Flow-based models make it easy to model novel and complex probability distributions. They can also be extended to sequences using what are called autoregressive flows, making them great for generating sequential data such as speech.
A 2021 paper by Tomoki Uemura et al. shows the application of flow-based models to data augmentation in the medical imaging domain. They applied a 3D CNN based on the 3D GLOW model to generate synthetic volumes of interest (VOIs) of polyps in a CT colonography dataset.
What’s amazing is that they tested their model by having trained human observers attempt to distinguish between the polyps from real CTs and those generated by their model. The humans were unable to distinguish between the real and synthetic data, a testament to its effectiveness. They found that incorporation of the synthetic VOIs also greatly improved downstream classification accuracy.
However, flow models do have some (manageable) downsides. Defining the correct transformation functions that give enough flexibility but are also computationally tractable can be tricky. Further, inference and sampling with autoregressive flows can be slow, since the downstream variables in the flow depend on the samples of earlier variables in the sequence. Thus, inference in such models can’t be readily parallelized.
Generative models provide a fantastic means for generating synthetic data in situations where training data is scarce.

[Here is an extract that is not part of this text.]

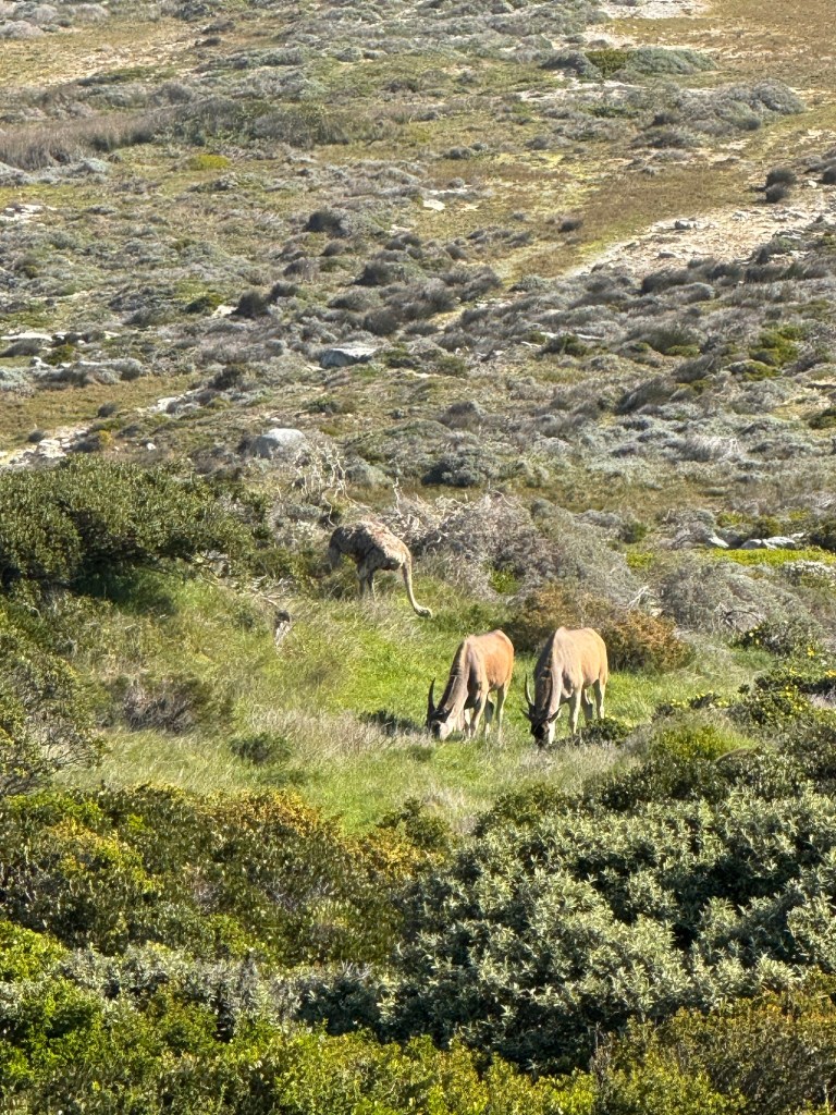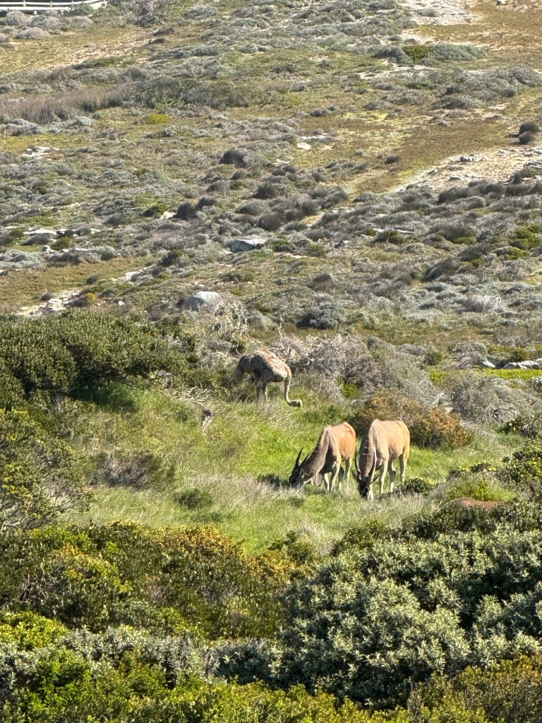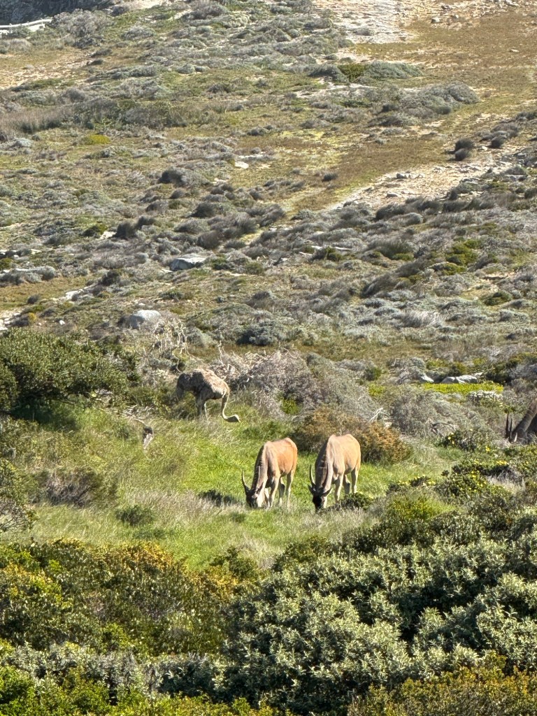 We saw Eland, Ostrich and Blesbok, Egyptian Geese and of course Baboons on our trip down to the Cape. Apparently we were lucky to see the Eland and the Blesbok which are both a type of antelope.

Each of these three classes of generative models can be applied in different scenarios depending on their various strengths and weaknesses.
GANs are often useful in settings involving images, video, 3D models, or other continuous data, and they can be trained to produce very realistic samples. The downside of using GANs is that they can suffer from unstable training, and it can take some work to correct this. They also do not tend to work well for generating discrete or sequential data, at least not without significant modifications.
VAEs are similar to GANs in that they work well for images, 3D, and other types of continuous data. They are useful in cases where an understanding of the latent space and fine-grained control over the data generation process is desired.
Finally, flow-based models are a relatively new, much-discussed area of research. They can be applied when direct density estimation is needed and for generation of sequential, discrete, and noncontinuous data—though they work great for continuous data as well.